Ventral view of the common bean seed coat pattern, white micropyle stripe, expressed by p mic.
Citation: Journal of the American Society for Horticultural Science J. Amer. Soc. Hort. Sci. 132, 3; 10.21273/JASHS.132.3.352
Ventral view of the common bean seed coat pattern, white micropyle stripe, expressed by p mic.
Citation: Journal of the American Society for Horticultural Science J. Amer. Soc. Hort. Sci. 132, 3; 10.21273/JASHS.132.3.352
Ventral view of the common bean seed coat pattern, white micropyle stripe, expressed by p mic.
Citation: Journal of the American Society for Horticultural Science J. Amer. Soc. Hort. Sci. 132, 3; 10.21273/JASHS.132.3.352
The color-modifying gene V (with T P B) is required to express bishops violet flower and black seed coat, whereas v expresses white flower and (with T P B) mineral brown seed coat. The v lae allele expresses pale pink flowers, with the banner petal expressing much darker pink than the wing petals. Thus, v lae is a flower color pattern gene. The V wf gene was transferred from Phaseolus coccineus to P. vulgaris by interspecific crossing and expresses white flowers without any pleiotropic effect on the color of seed coat (Bassett, 1997). Thus, (with B) V wf expresses black seed coat. The flower color pattern gene wb (with V) expresses (nearly) white banner petal and slight loss of violet color in the wing petals (Bassett, 1993). The wb pattern gene was transferred from P. coccineus to common bean by interspecific crossing. Although wb was reported (Bassett, 1993) to be nonallelic with V and Blu, additional test crosses are needed to preclude the possibility that wb is a new allele at either T or P.
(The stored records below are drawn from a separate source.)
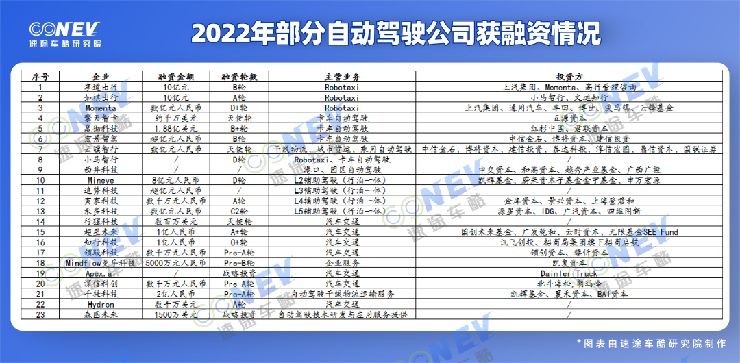 虽然自动驾驶整个赛道面临着技术难突破、商业化难落地、资本市场难融资的情况,但业内一致认为加速商业化进程能够帮助自动驾驶摆脱资本危机。由此,Robotaxi以及无人重卡成为了新的“兵家必争之地”。
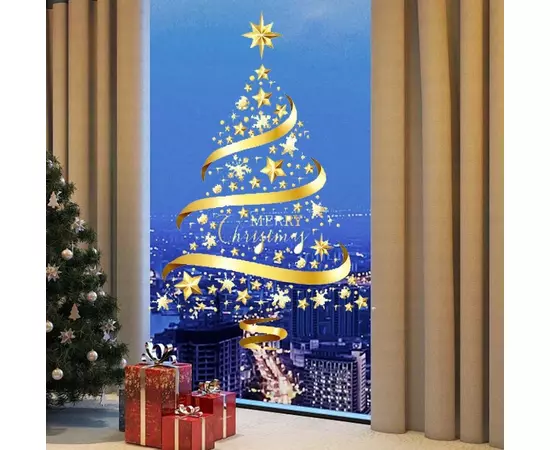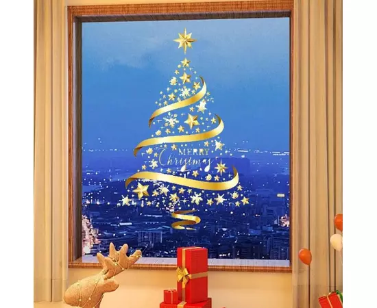Sticker Perete Autocolant Pom de craciun, 45x60cm, model Geam - 00768
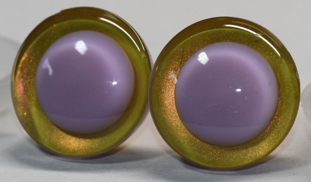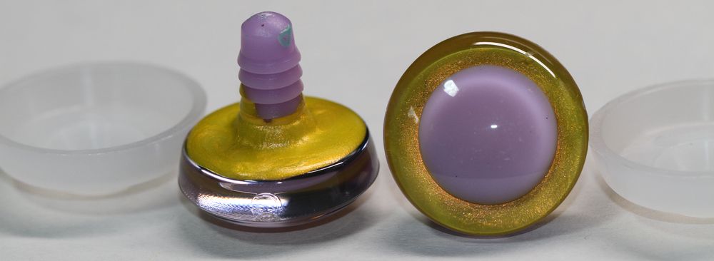 Bestandteil des Kaufs ist auch je Auge eine Folie mit Glitter, welche optional hinten auf das Auge gesteckt werden kann (nur vor der Montage!) Die Folie wird dann durch die speziellen Halterungen von hinten beim Montieren mit dem Auge umschlossen, wenn diese eingerastet sind und lässt sich dann nicht mehr entfernen.
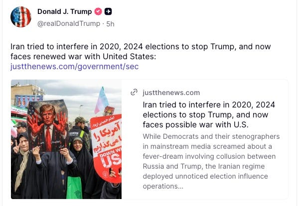Following the strikes in Iran, the American President posted an article suggesting unverified claims that Iran meddled in the American election in 2020 to stop him.

The P. coccineus variety ‘Painted Lady’ has bicolor flowers with a vermilion banner petal and pure white wings. The inheritance of vermilion flower color is not fully known, but the gene for salmon red flower, Sal, is certainly required, and the scarlet flower color gene, Am, is probably required (Bassett, 2003b). Lamprecht (1941) used ‘Painted Lady’ in his inheritance studies of interspecific crosses with P. coccineus, noting that ‘Painted Lady’ had “two-colored” flowers. He further noted that P. coccineus (same as his P. multiflorus) had two series of two-colored flowers, “one of them with a darker standard than the wings (‘Painted Lady’ type), the other being the reverse [the white banner (wb) type].” Subsequently, Lamprecht (1948) reported (no supporting data presented) that the two-colored flowers of P. coccineus (‘Painted Lady’ type) were inherited as a recessive trait, to which he assigned the gene symbol bic for bicolorata. The preliminary hypothesis of our research is that the bicolor flower trait may be controlled by a new allele at Wb. The objectives of this paper are 1) to describe the transfer of the bicolor trait into common bean, 2) to investigate the inheritance of bicolor, 3) to test for allelism of bicolor with known genes for flower color or pattern, and 4) to make the allelism test crosses t × wb and wb × p mic to complete the testing for allelism in all possible combinations of the genes T, P, V, and Wb.
Materials and Methods
In 1985, a program was initiated to develop genetic tester stocks for the colors and patterns of common bean seed coats by backcrossing selected recessive alleles, singly and in combination, into a recurrent parent 5-593. The Florida dry bean breeding line 5-593 has the seed coat genotype T P [C r] Z J G B V Rk Asp (Bassett, 1994a; Bassett et al., 1999), which expresses shiny (J Asp), unpatterned black seed coats. Details of the backcross procedure for developing genetic tester stocks were previously described (Bassett, 1994b). In recent years, numerous genetic tester stocks have been developed in the 5-593 genetic background. Upon request, the testers are available for experimental use at the Western Regional Plant Introduction Station at Pullman, Wash.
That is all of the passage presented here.